GIVEN INFORMATION:
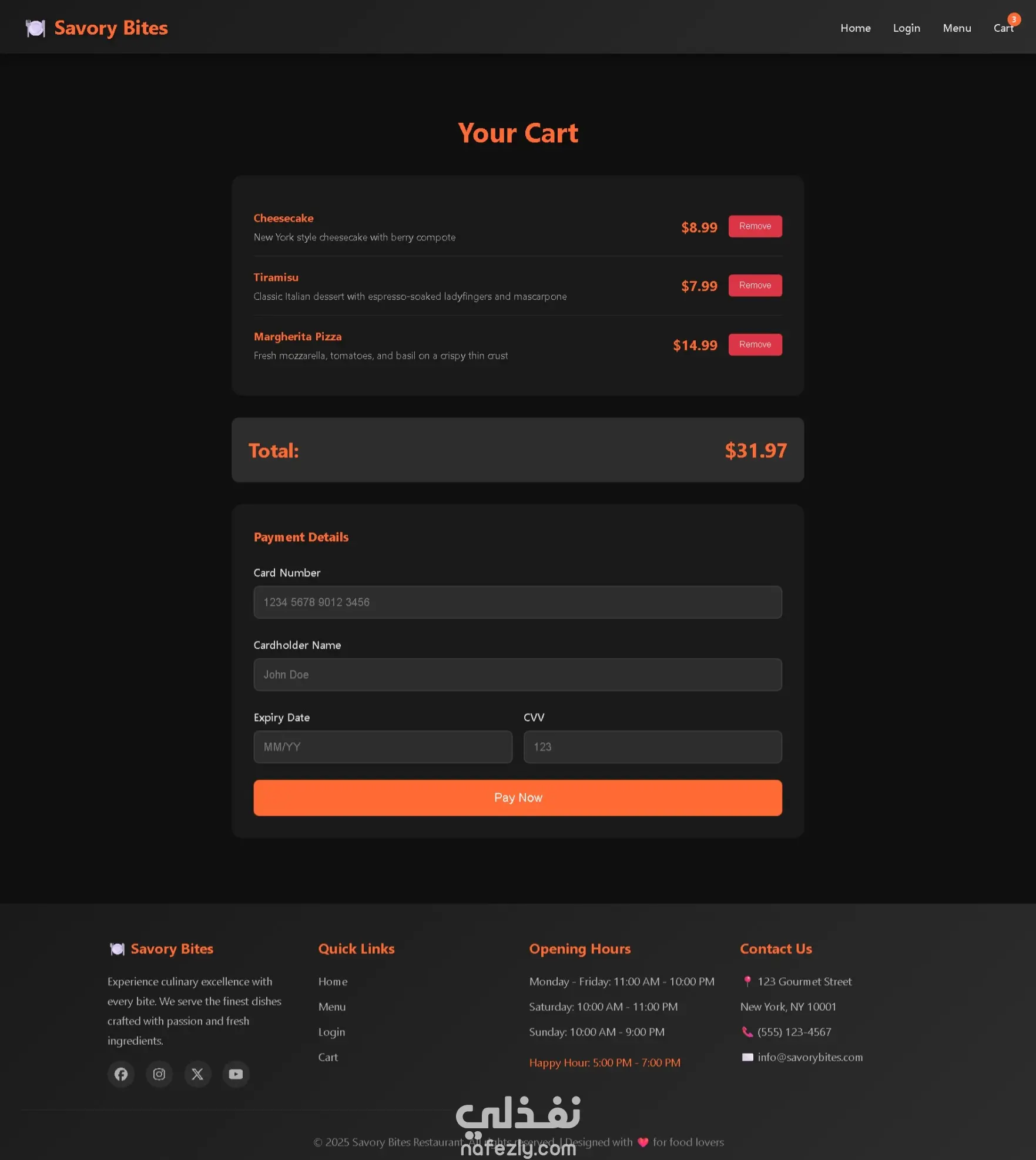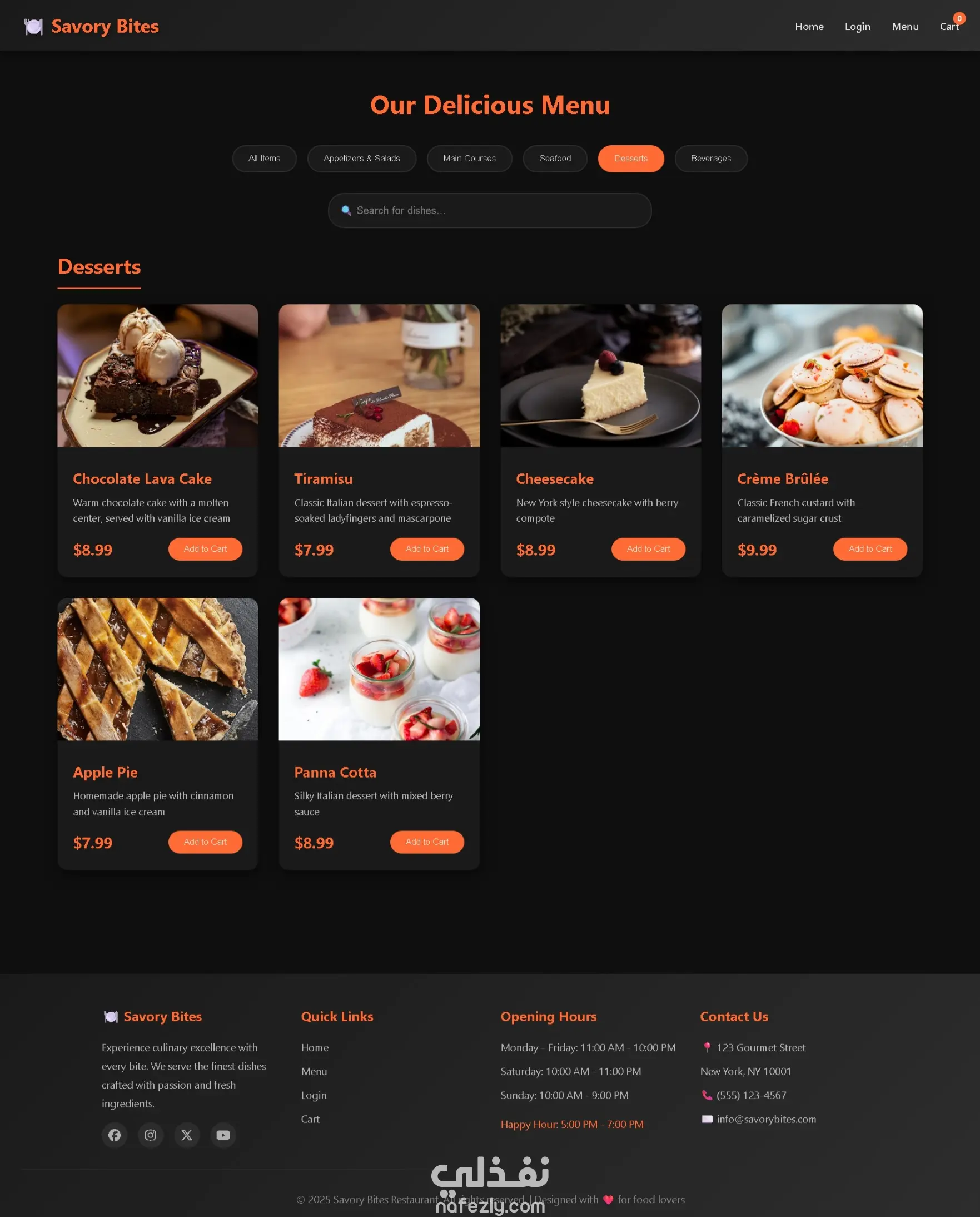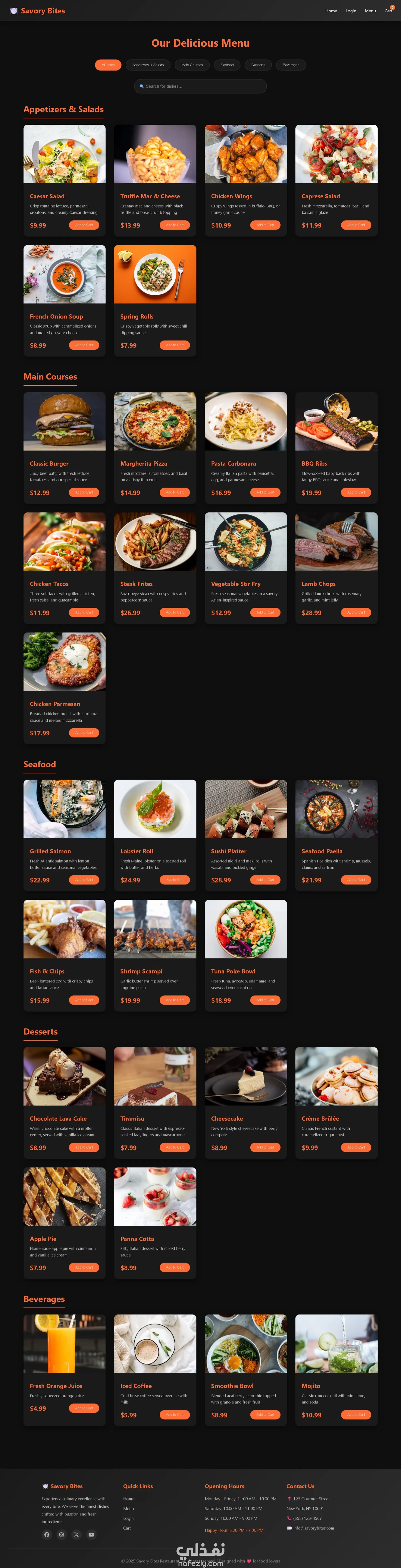 تصميم وتطوير موقع مطعم فاخر (Savory Bites) مع نظام طلب إلكتروني وتجربة مستخدم عصرية
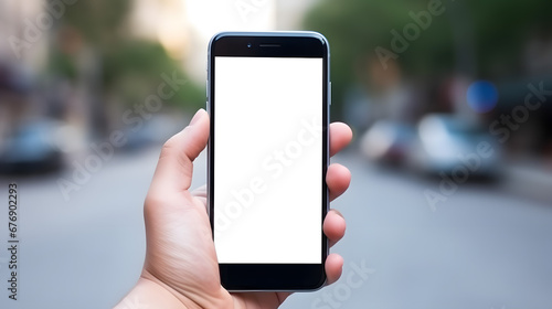 Hand Holding Smartphone with Blank Screen on City Street Background
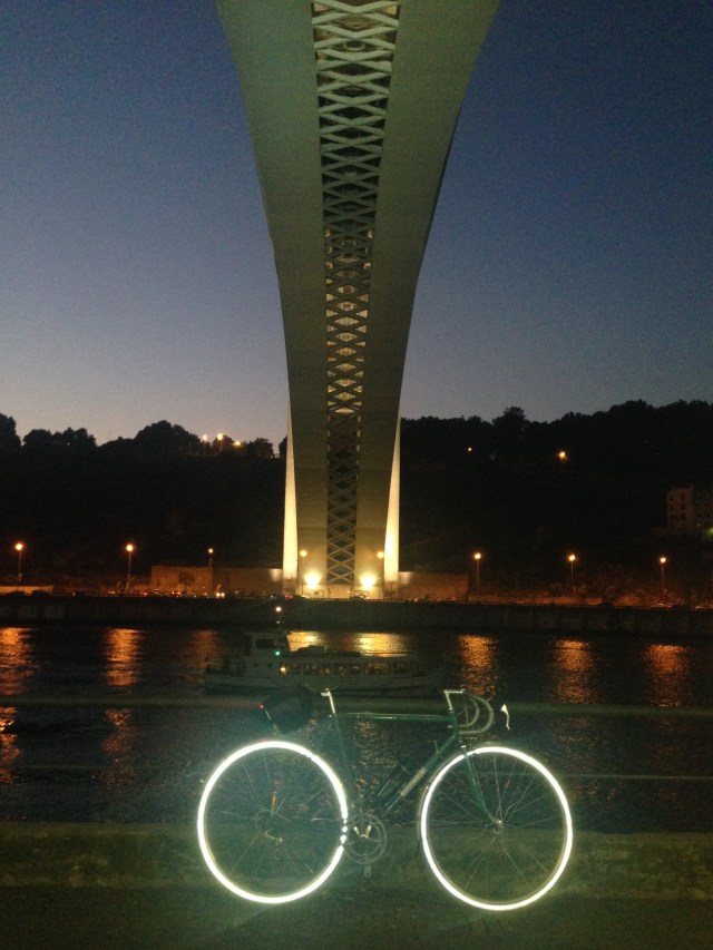 Sobretudo nestas aprazíveis noites de verão, sabe bem sair de bicicleta para ir tomar café com os amigos, numas pedalas mais demoradas, simplesmente para sentir a brisa fresca na cara. À noite nem todos os ciclistas são parvos, como tal precisamos de redobrar cuidados quanto à nossa visibilidade. Para se circular de bicicleta à noite, a lei obriga a equipar a bicicleta com uma luz de presença à frente e outra à retaguarda, bem como ter um par de reflectores em ambas as rodas! Pois bem, plásticos brilhantes e coloridos presos aos raios é coisa que também não gosto. Os pneus com a faixa reflectora lateral são os mais adequados para que sejamos vistos pelos automobilistas no meio da escuridão. Para andar na cidade, viajar e treinar de noite, existem variadíssimas opções para todos os gostos e bolsos, pneus muito duráveis, resistentes a furos e capazes de nos estragarem a bela da fotografia!

EXERCISE GOAL: Are you able to set down all the lines above exactly, without any pictures?

ANSWER TO THIS PROBLEM:
 تصميم وتطوير موقع مطعم فاخر (Savory Bites) مع نظام طلب إلكتروني وتجربة مستخدم عصرية
 Hand Holding Smartphone with Blank Screen on City Street Background
 Sobretudo nestas aprazíveis noites de verão, sabe bem sair de bicicleta para ir tomar café com os amigos, numas pedalas mais demoradas, simplesmente para sentir a brisa fresca na cara. À noite nem todos os ciclistas são parvos, como tal precisamos de redobrar cuidados quanto à nossa visibilidade. Para se circular de bicicleta à noite, a lei obriga a equipar a bicicleta com uma luz de presença à frente e outra à retaguarda, bem como ter um par de reflectores em ambas as rodas! Pois bem, plásticos brilhantes e coloridos presos aos raios é coisa que também não gosto. Os pneus com a faixa reflectora lateral são os mais adequados para que sejamos vistos pelos automobilistas no meio da escuridão. Para andar na cidade, viajar e treinar de noite, existem variadíssimas opções para todos os gostos e bolsos, pneus muito duráveis, resistentes a furos e capazes de nos estragarem a bela da fotografia!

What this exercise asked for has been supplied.